- _What the task asks_
The answer must be only the lines below from the one holding "商品名称:禾时 2025新款60S兰精天丝数码印花四件套进口莱赛尔床品套件 安夏-粉" down to the one holding "Studioul dispune de", ends included, printed exactly; please omit all pictures.

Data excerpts
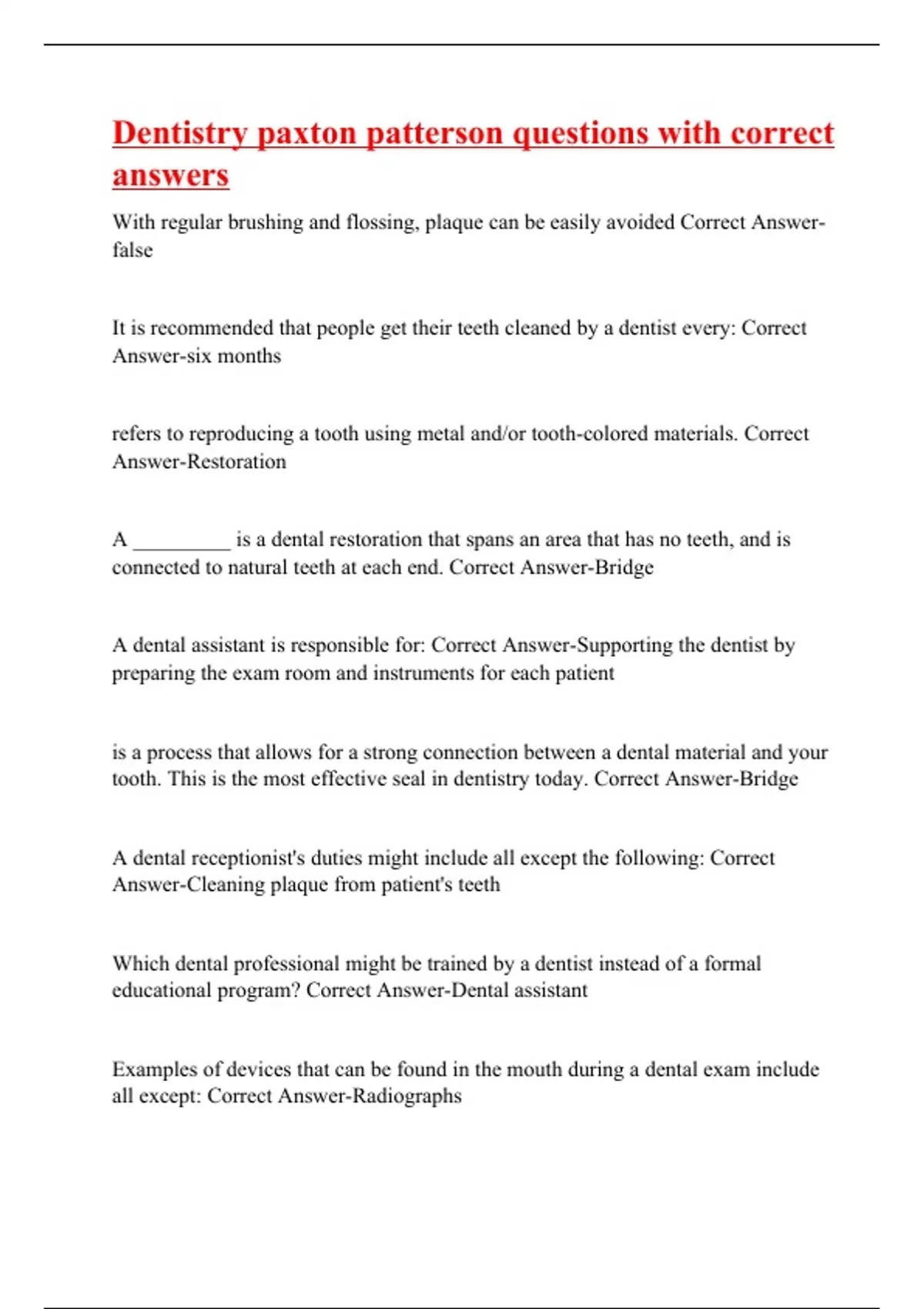 With regular brushing and flossing, plaque can be easily avoided Correct Answer-false It is recommended that people get their teeth cleaned by a dentist every: Correct Answer-six months refers to reproducing a tooth using metal and/or tooth-colored materials. Correct Answer-Restoration A _________ is a dental restoration that spans an area that has no teeth, and is connected to natural teeth at each end. Correct Answer-Bridge A dental assistant is responsible for: Correct Answer-Supporting the dentist by preparing the exam room and instruments for each patient is a process that allows for a strong connection between a dental material and your tooth. This is the most effective seal in dentistry today. Correct Answer-Bridge A dental receptionist's duties might include all except the following: Correct Answer-Cleaning plaque from patient's teeth Which dental professional might be trained by a dentist instead of a formal educational program? Correct Answer-Dental assistant Examples of devices that can be found in the mouth during a dental exam include all except: Correct Answer-Radiographs
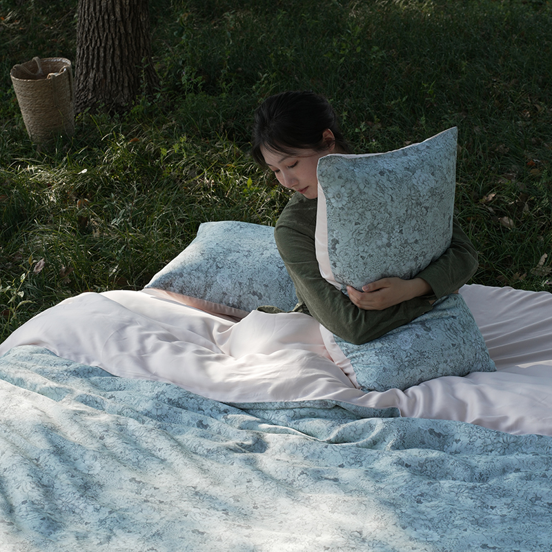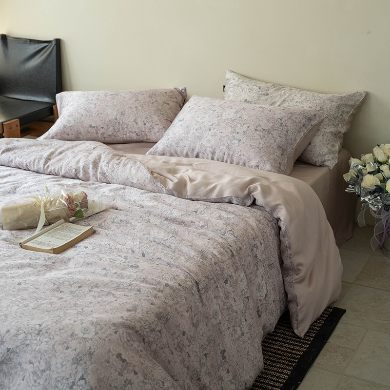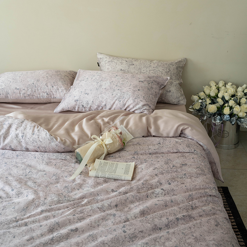 商品名称:禾时 2025新款60S兰精天丝数码印花四件套进口莱赛尔床品套件 安夏-粉
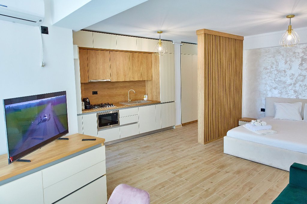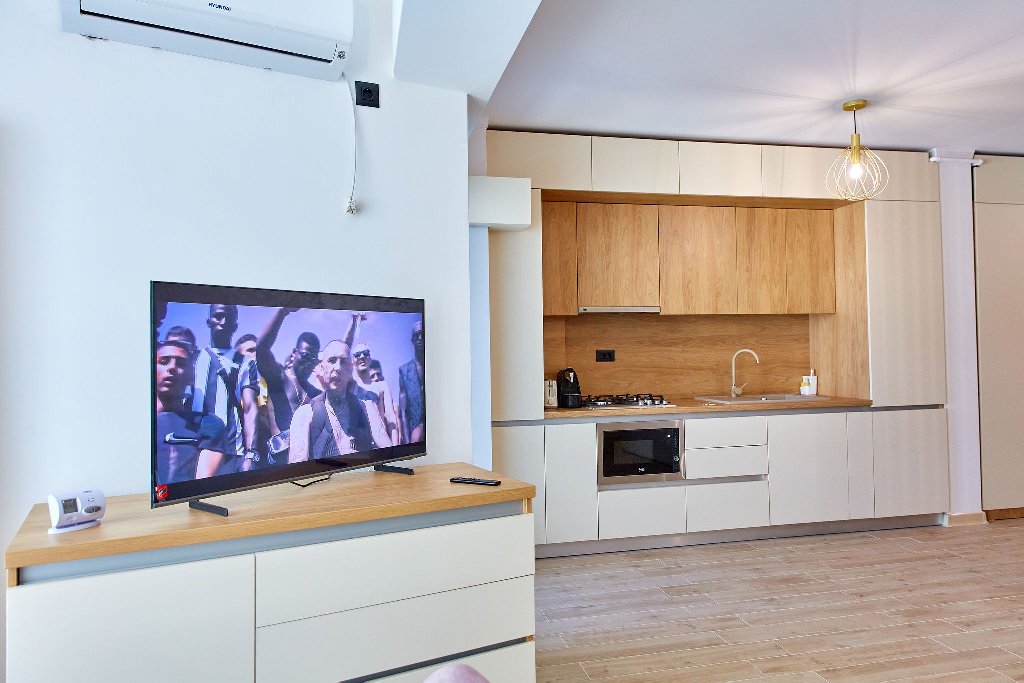 Studioul dispune de un smart tv,bucatarie mobilata si utilata cu electronice si electrocasnice noi,sporind astfel confortul casei cat si ale turistilor care ne trec pragul.
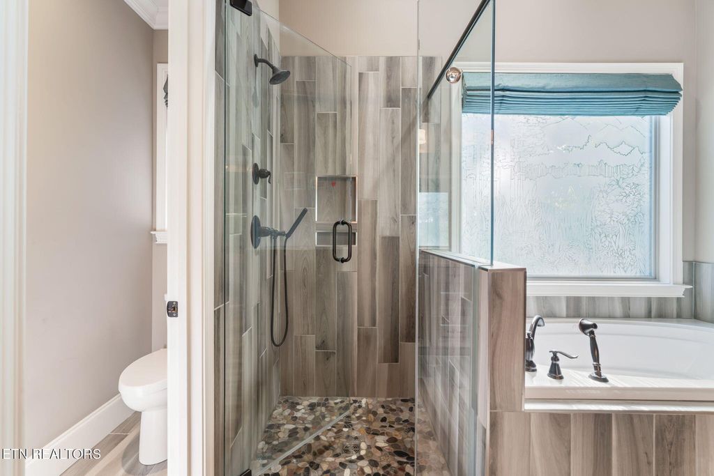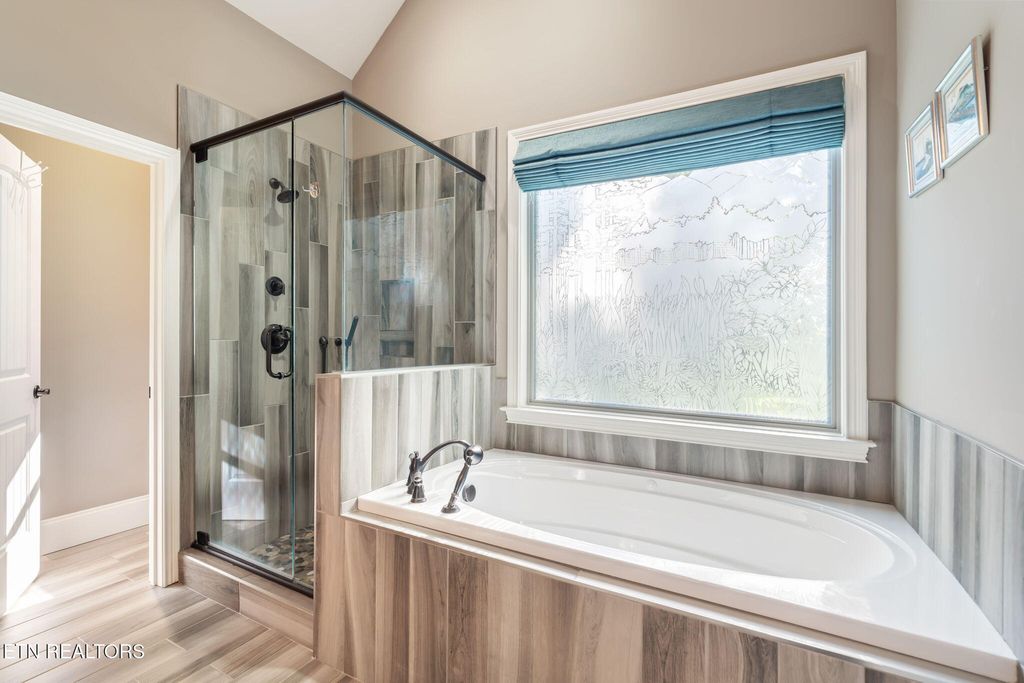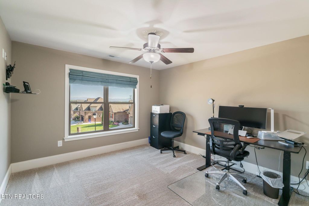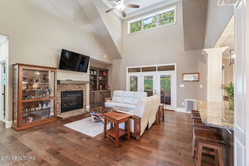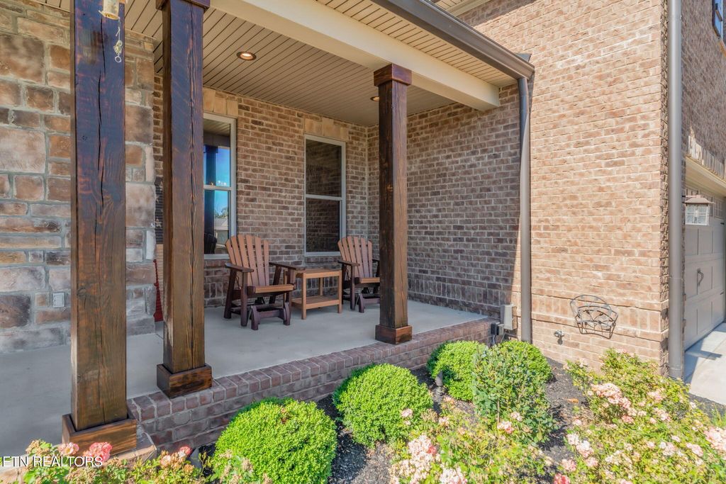 This stunning home was thoughtfully placed on one of Fox Creek's premier Smoky Mountain view lots, chosen for its privacy and exceptional views "” visible from the front porch and all front-facing windows. Inside and out, quality and comfort shine through. Notable upgrades include stone accents, shutters, a covered back porch with tongue-and-groove ceiling, a wood-burning fireplace, and automatic screens that lower and seal at the touch of a button. The fenced, professionally landscaped yard completes the outdoor oasis. The main-level primary suite features a spacious sitting area, bay windows with one-way film, and radiant heated flooring in the en suite. Every detail of this beautifully designed home blends elegance, function, and warmth.
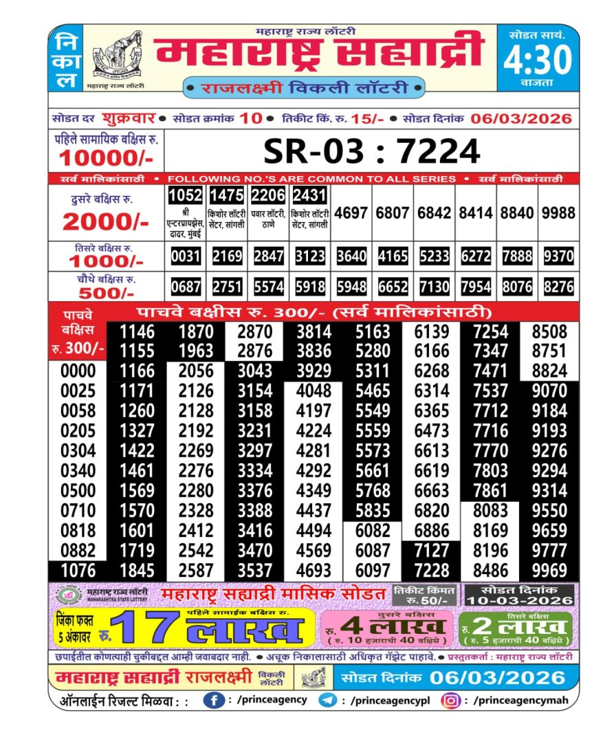 Maharashtra Sahyadri Weekly Lottery Result 06/03/26 06/03/26 Leave a Comment on Maharashtra Sahyadri Weekly Lottery Result 06/03/26 Share: XFacebookPinterestRedditVKDiggLinkedinMix Related Articles 0 165 Maharashtra Mohini Lottery Result 01/02/26 0 221 Maharashtra Sahyadri Weekly Lottery Result 13/11/25 0 219 Maharashtra Sahyadri weekly lottery result 5/4/25 0 214 Maharashtra Sahyadri Weekly Lottery Result 19/12/25

- _Written reply_
 商品名称:禾时 2025新款60S兰精天丝数码印花四件套进口莱赛尔床品套件 安夏-粉
 Studioul dispune de un smart tv,bucatarie mobilata si utilata cu electronice si electrocasnice noi,sporind astfel confortul casei cat si ale turistilor care ne trec pragul.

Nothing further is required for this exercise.